The world of the early twenty-first century displays both persistent attachments to territory and violent conflict over those territorial stakes. Even as interstate conflict has declined, many costly internal conflicts have taken on a territorial dimension. The persistence of territoriality and the conflict that it inspires run counter to one popular view of the consequences of growing globalization: capital, goods, and populations display increased mobility, and their detachment from territory should reduce the importance of conventional territorial boundaries. Globalization has produced changes in territoriality and the functions of borders, but it has eliminated neither. We do not live in a “borderless world” or one that has seen the “end of geography” (Ohmae 1990; O'Brien 1992). Conflict over territory continues in an increasingly integrated world.
Spanning the social sciences, the authors in this volume present converging investigations into the complex causal relations among territoriality, conflict, and globalization. The study of globalization and the persistence of ethnic conflict have stimulated an interest in borders of all kinds, questioning their permanence and defining the consequences when social and cultural identities do not coincide with political boundaries and territorial claims. The contributors display skepticism toward both an unreconstructed view of the sovereign territorial state and the competing claim that globalization has completely transformed the existing territorial regime. The modern territorial state is seen as one historically bounded exemplar of territoriality, rather than the defining expression of territorial rule.

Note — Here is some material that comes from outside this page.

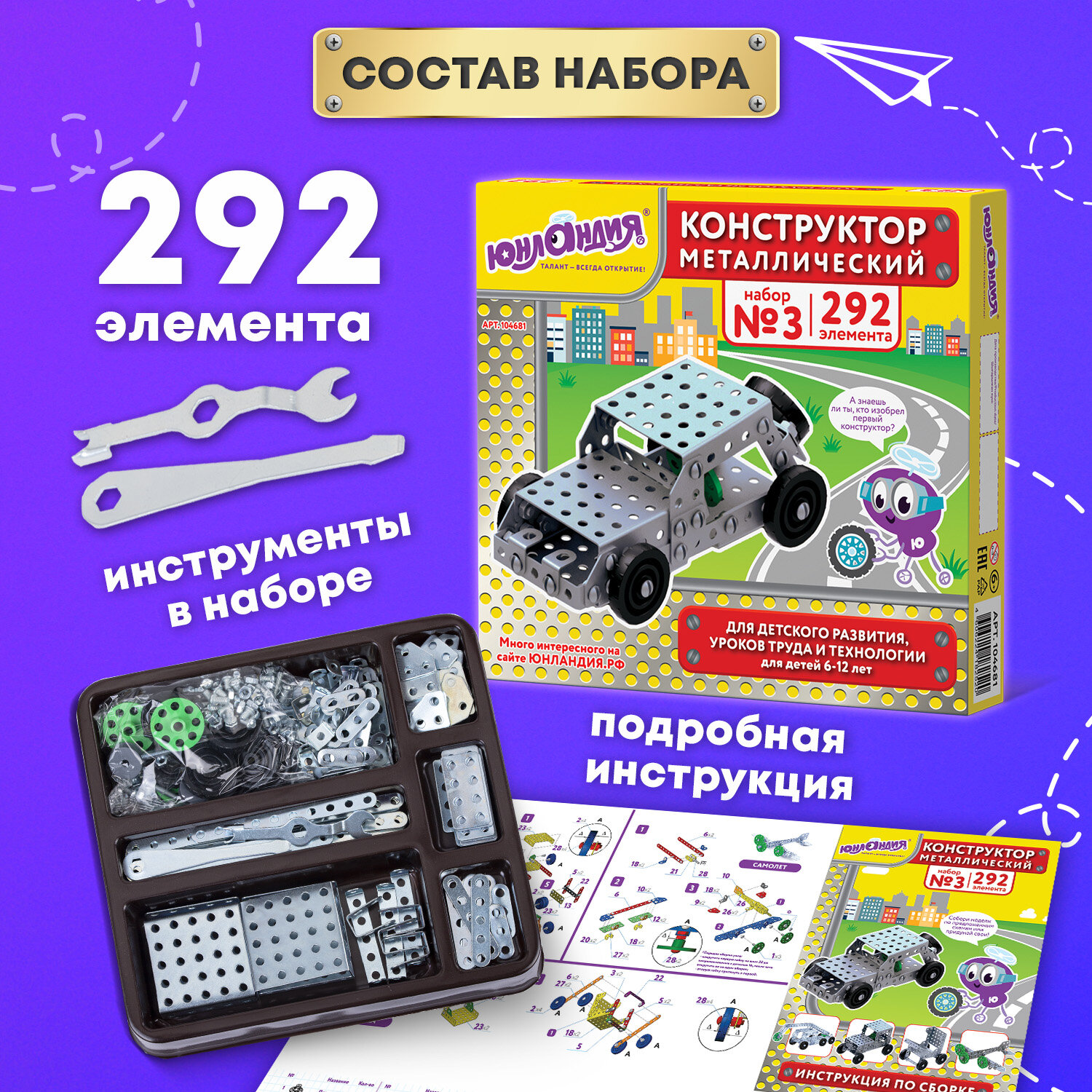 Конструктор металлический ЮНЛАНДИЯ "Для уроков труда №3", развивающий, 292 элемента Код товара: 104681 869,01 ₽ Купить Производитель:ЮНЛАНДИЯ Металлический конструктор ЮНЛАНДИЯ позволяет ребенку в игре развивать логическое и абстрактное мышление, мелкую моторику рук, внимательность и фантазию. Прекрасно подходит для уроков труда в школе. В комплект входят 292 элемента, среди которых есть подвижные детали, позволяющие собрать бесчисленное количество моделей. Комплектация: детали – 290 шт., ключ гаечный – 1 шт., отвертка – 1 шт., инструкция по сборке. Для удобства в набор входит подробная иллюстрированная инструкция с пошаговыми рекомендациями по сборке 5 разных моделей, которая познакомит начинающего мастера с азами сборки. Начальный уровень сложности сборки предусмотрен для детей младшего и среднего школьного возраста. Элементы конструктора выполнены из металла и пластика. Также в набор входят пластиковые детали. Поставляется в картонной упаковке.Производство: РоссияТип товара: конструкторСерия: Для уроков трудаМатериал: металл, пластикНаличие подвижных деталей: даУровень сложности сборки: начальныйРекомендуемый возраст: от 6 летТип деталей: разные формыСюжет: ТранспортКоличество элементов: 292 шт.Количество моделей для сборки: 5Комплектация: инструкция по сборкеЦвет: ассортиУпаковка: картонная коробкаВес: 725 грРазмер упаковки: 3.9 × 23.2 × 20.6 смОбъём: 0.0024 м3Промежуточная упаковка: 10 штТранспортная упаковка: 10 штШтрих-код: 4606224182520 Сертификат-1.jpg Сертификат-2.jpg Сертификат-3.jpg

More than three decades ago, Richard Cooper stated that “the trend toward economic interdependence between countries will require substantial changes in their approach to foreign policy in the next decade or so” (1972, 159). A wide range of studies has since been premised on the proposition that interdependence has significantly raised the costs to governments and the economies they govern of taking unilateral action. One solution to problems of coordination and collaboration among states has been to develop international institutions that reduce transactions costs and uncertainty, allowing states to enjoy greater mutual gains than would have been possible in the absence of such institutions.
The institutional paradigm has informed a broad range of studies in international political economy (Simmons and Martin 2002). The same cannot be said of international conflict studies. Scholars looking at interstate disputes have typically bypassed institutional theory, focusing instead on the basic constellations of state power. The irony is that war and peace often revolve around the most ubiquitous international institution of the modern age: sovereign authority over delimited territorial space.
This chapter argues for a reconceptualization of international borders as they have come to be understood in the international relations literature. One branch of that literature has emphasized the extent to which disputes over territory, more than any other issue, have spurred interstate rivalry, military confrontation, and all-out war. Borders as territorial divisions are then analyzed as zero-sum manifestations of state competition for power, prestige, lebensraum, or an imagined historical identity.